From those with a known source, those with a community onset infection had a much lower risk of death compared to hospital onset infection source. For patients with a hospital onset, healthcare associated infection (HOHCAI), the estimated risk of death at 30 days is 27%, 38.5% at 90 days and 52% at 365 days. Comparatively patients with a community acquired infection (COCAI), the estimate of the risk of death 30 days, 90 days and 365 days after E. coli bacteraemia is 14.4%, 20.8% and 30.8% respectively.
(For patients with a COHCAI, the estimate of the risk of death 30 days, 90 days and 365 days after E. coli bacteraemia is 18%, 25.5% and 40.5% respectively.)
e) There is a significant difference in survival time post ECB by comorbidity index value.
There is a significantly higher risk of death post ECB with a higher comorbidity score. Therefore the sicker the patient, the more likely they are to die post ECB.

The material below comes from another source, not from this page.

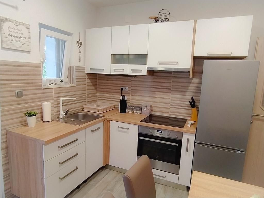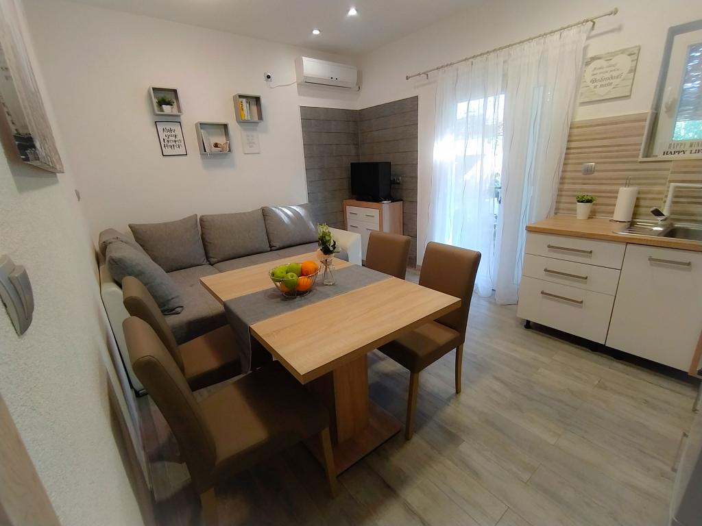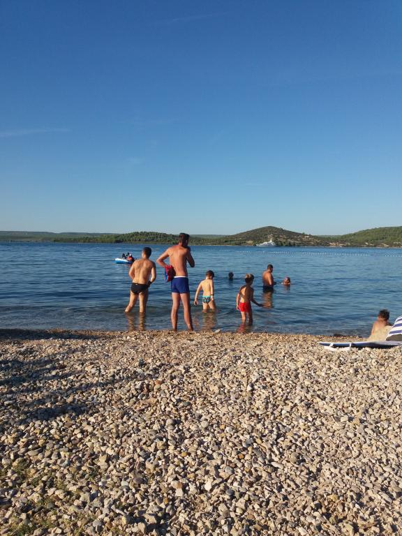 Appartement Baza is gelegen in een rustig dorpje Bilice, tussen Šibenik en het Krka National Park. De appartementgrootte is 35 m2 en het terras van 18 m2. Het bestaat uit slaapkamers met twee bedden die kunnen worden samengevoegd en gescheiden, een volledig uitgeruste keuken (oven, vriezer, wasmachine) en een woonkamer met twee bedden. De badkamer is ruim en u kunt gratis gebruik maken van de wasmachine. Het appartement beschikt over airconditioning, Wi-Fi, TV (satelliet, Smart TV). Als u met kinderen komt, kunnen wij u een reiswieg en een voederbak aanbieden. Prive parkeerplaats, een grote tuin en barbecue zijn beschikbaar. De tuin is omheind en groot genoeg om mee te spelen als je met kleinere kinderen komt. De afstand tot het strand en café met kinderspeelplaats is 250 m, 5 minuten lopen. Dichtbij de snelweg.

For patients with the highest comorbidity score, the estimate of the risk of death is 27.5% at 30 days, 39.5% at 90 days and 57% at 365 days.
Comparatively for those with the lowest comorbidity score, the risk of death is 8% at 30 days, 12% at 90 days and 17% at 365 days after E. coli bacteraemia.

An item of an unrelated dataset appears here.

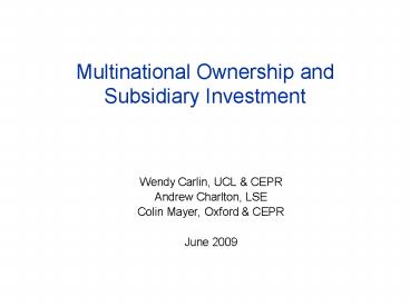 <Notice: Removed> Multinational Ownership and Subsidiary Investment PowerPoint PPT Presentation

2. Univariate cox regression
Risk factors include; male gender, older age, higher comorbidity, COHCAI and HOHCAI compared to COCAI.
Gender: The hazard of a male dying at any particular time point is 1.29 times the hazard of a female.

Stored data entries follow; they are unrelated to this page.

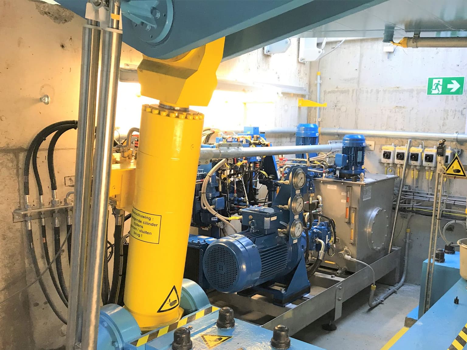 Das Projekt besteht aus einem elektrisch angetriebenen Hydraulikaggregat, einem doppeltwirkenden Zylinder und projektspezifisch konzipierten Steuerblöcken mit allen erforderlichen Funktionen. Die Position des Zylinders wird mit einem SIL3-Längenwegmesssystem überwacht und gesteuert. Die Pumpenaggregate bestehen aus Elektromotoren mit Pumpen im geschlossenen Kreislauf.
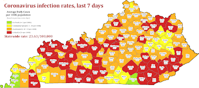 The statewide rate of daily new cases over the last seven days is 23.63 per 100,000 residents, very near the "critical" level of 25. Counties with rates more than double the statewide rate are Clay, 113.4; Jackson, 82.5; Muhlenberg, 57.8; Laurel, 57.8; Letcher, 57.7; Floyd, 52.6; Webster, 51.9; and
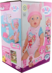 Emma on armas BABY born nukk realistlike funktsioonidega, mida lapsed armastavad. Ta joob vett pudelist, luti pööramisel avab ja sulgeb silmi, oskab valada pisaraid ning pissida mähkmesse või potile. Tänu vastupidavale teostusele saab ta hakkama ka vanniskäiguga, nii et lapsed saavad temaga nautida mängu nii vannis kui ka selle kõrval.

Age: the hazard of a patient aged between 50 and 64 years dying at any particular time point is 2.48 times the hazard of a patient aged less than 50 years.
3. Multivariate cox regression
Risk factors include; male gender, older age, higher comorbidity, COHCAI and HOHCAI compared to COCAI. There was significant interaction between age and comorbidity, therefore interaction terms were included in the final model.
While controlling for age and comorbidity; male gender had increased risk (aHR: 1.18; 95%CI:1.11-11.26), as did healthcare associated infection sources, compared to COCAI, (COHCAI aHR: 1.26; 95%CI: 1.14 -1.39; HOHCAI aHR:1.58; 95%CI: 1.47-1.70)
4. Risk profiles
Lowest risk- Female, aged less than 50, no/low comorbidity, community acquired infection.
Highest risk- Male, aged 80 or over, high comorbidity, hospital onset ECB
The hazard of dying at any particular time point for a male , aged 80 or over, with a high comorbidity index value that develops a hospital onset ECB is 36 times the hazard of a female, aged less than 50, with a low comorbidity index value that develops a community onset ECB infection.
Conclusion:
Over a third of E. coli bacteraemia patients died within a year of developing the infection.
The older and sicker the patient is the more likely they will die. Being male and developing hospital-onset E. coli bacteraemia results in a higher likelihood of death.
The increase in E. coli bacteraemia is a growing public health concern; this study identifies risk profiles of patients that are more likely to die within a year.